WP: By building the numbers they have, the Soviets have led analysts in this country to suggest the possibility that their ICBMs may have the power to make a first strike. In other words, that our ICBM force will be vulnerable to theirs in the early 1980s. That possibility, as you know, has been discussed for a long time—but my impression is that this administration is the first to take it seriously.

PW: Oh, I disagree with that. The possibility was taken seriously back in the 1950s—so much so that it led us to develop the Polaris submarine. The only reason for that was our fears about the potential vulnerability of any fixed target. When I came to work in the Pentagon in the late 1960s, I found that the entire concept of Minuteman vulnerability was already being discussed. As a matter of fact, in the late 1960s some people suggested that we ought to phase out the land-based force. Being potentially or theoretically vulnerable it might present an “attractive nuisance,” and therefore increase the risk of nuclear war.

WP: Now the Carter administration’s position is to accept that the land-based missile force is becoming vulnerable. How do you view this? Is it a political mistake?

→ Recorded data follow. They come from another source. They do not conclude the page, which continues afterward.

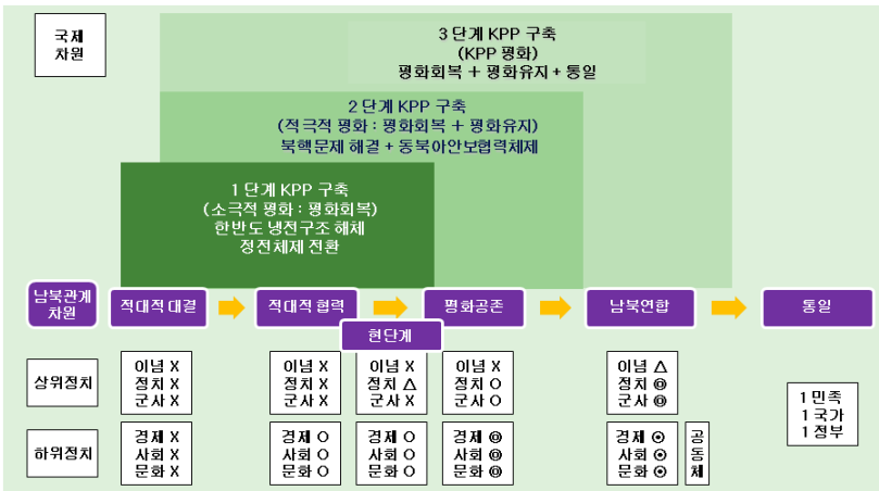
<그림 1> 한반도 평화프로세스 진전구도

(X: 단절, △: 제한적 협력, O: 협력, ⊙: 협력심화, ●: 제도적 협력)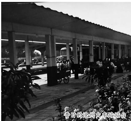
昔日的沧州火车站站台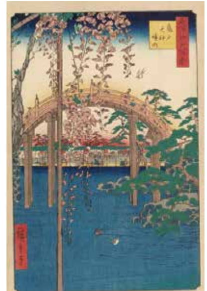
Part 1展示作品 歌川広重 『名所江戸百景 亀戸天神境内』 当館蔵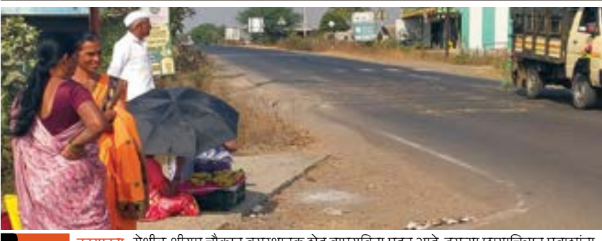
आंबेगाव कारफाटा: येथील श्रीराम चौकात बसस्थानक शेड वापराविना पडून आहे. दुसऱ्या छयाचित्रात प्रवाशांना निवारा नसल्याने त्यांचे हाल होत आहेत.

शेड उभारण्यात आलेली आहेत. श्रीराम चौकात देखील शेडसाठी जागा निश्चित करून तेथे सिमेंट कोंक्रीटकरण करण्यात आले आहे. परंतु तेथे अद्यापही शेड उभारण्यात आलेले नाही. जे पूर्वीचे शेड आहे, ते वापराविना आहे. त्यामुळे सध्या शाळकरी विद्यार्थी, प्रवासी, यांची मोठी गैरसोय होत आहे.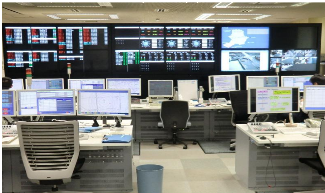
尾三消防組合・豊明市・長久手市消防指令センター

住 所：愛知県愛知郡東郷町大字諸輪字曙18番地 電 話：0561(38)5119 F A X：0561(38)4119 庁 舎：尾三消防本部庁舎内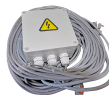
Master-Slave-Verbindungseinheit 24 V DC / 230 V AC Artikel-Nr.: 15001001604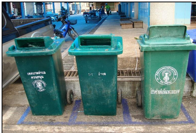
ภาพที่ ๑๙ : แสดงจุดรองรับขยะมูลฝอย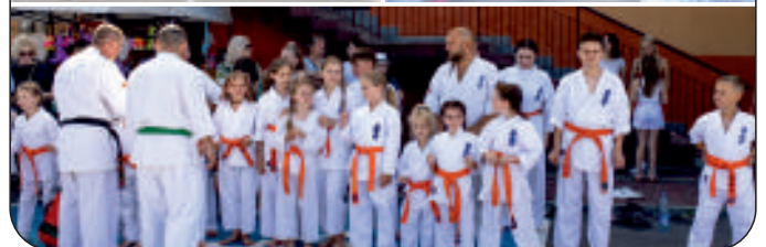
Kolorowy występ przedszkolaków oraz pokaz walk karate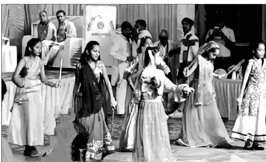
नन्ने-मुन्ने बच्चों ने सांस्कृतिक कार्यक्रम प्रस्तुत किये।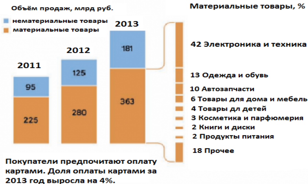
Рисунок 2. Статистика покупок в сети интернет в 2011–2013 гг.

Интернет облегчил работу, как продавцам, так и покупателям. Теперь, чтобы привлечь больше клиентов в ваш магазин, нужно просто сделать хороший сайт. Раньше же нужно было развесить баннеры по всему городу, делать «холодные звонки» и так далее. Теперь покупатель просто вводит необходимый ему товар в поисковую систему, и ему на выбор выходит целый список компаний, которые могут удовлетворить его запросам.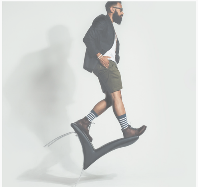
Neue Balance, neue Wege, neue Energie für Leadership und Self-Leadership

Nutzen Sie die kompakten Workshops, um beispielsweise disruptive Veränderungen bewusst und nachhaltig in die Unternehmensentwicklung und -kultur aufzunehmen und positiv zu entwickeln.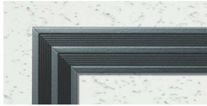
CB (カスタムブラック)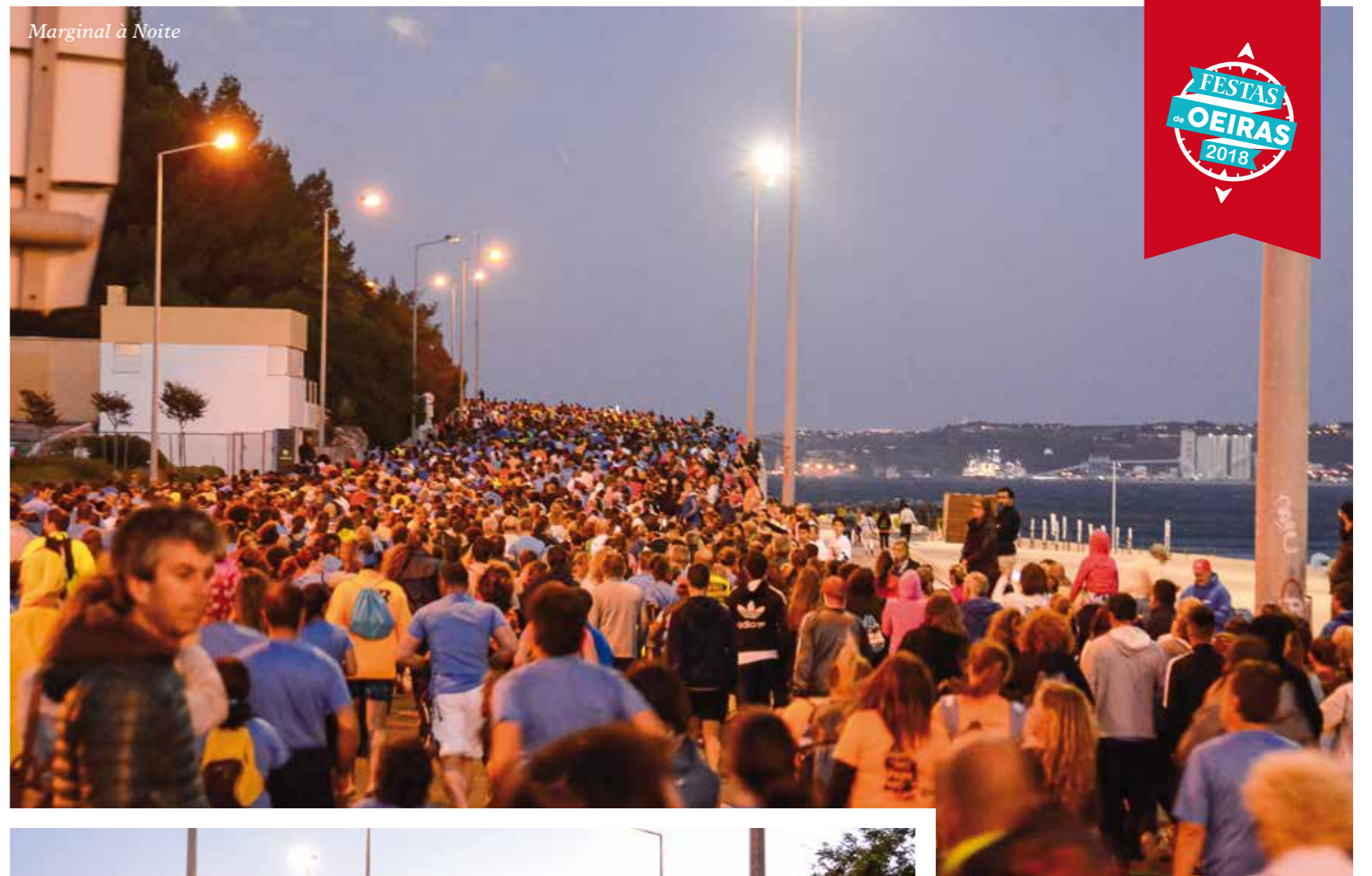
Marginal à Noite

Recorde-se que a Festa do Cavalo de Porto Salvo é um evento anual, organizado pela Associação Equestre de Porto Salvo com o apoio da Câmara Municipal de Oeiras, que tem como objetivo estimular a prática do desporto equestre e proporcionar um espaço de convívio e competição.-

PW: Well, as for its being a political mistake, of course you’re going to get different opinions depending upon whether you feel an invulnerable ICBM force is both a military necessity and a technical possibility. I don’t think that it’s a military necessity, because I think that the vulnerability is theoretical. Any attack that tries to knock out just that one part of our deterrent triad—the land-based ICBMs—would leave the attacker exposed to retaliation from our other two forces—our nuclear submarines and bombers—just as surely as if we had one invulnerable force.

WP: But when President Carter and Secretary Brown accept vulnerability, they connect it with what they claim is a need to make our ICBM force invulnerable.

PW: The mistake is to assume that somehow you have to make the ICBM force invulnerable, otherwise your deterrent is threatened.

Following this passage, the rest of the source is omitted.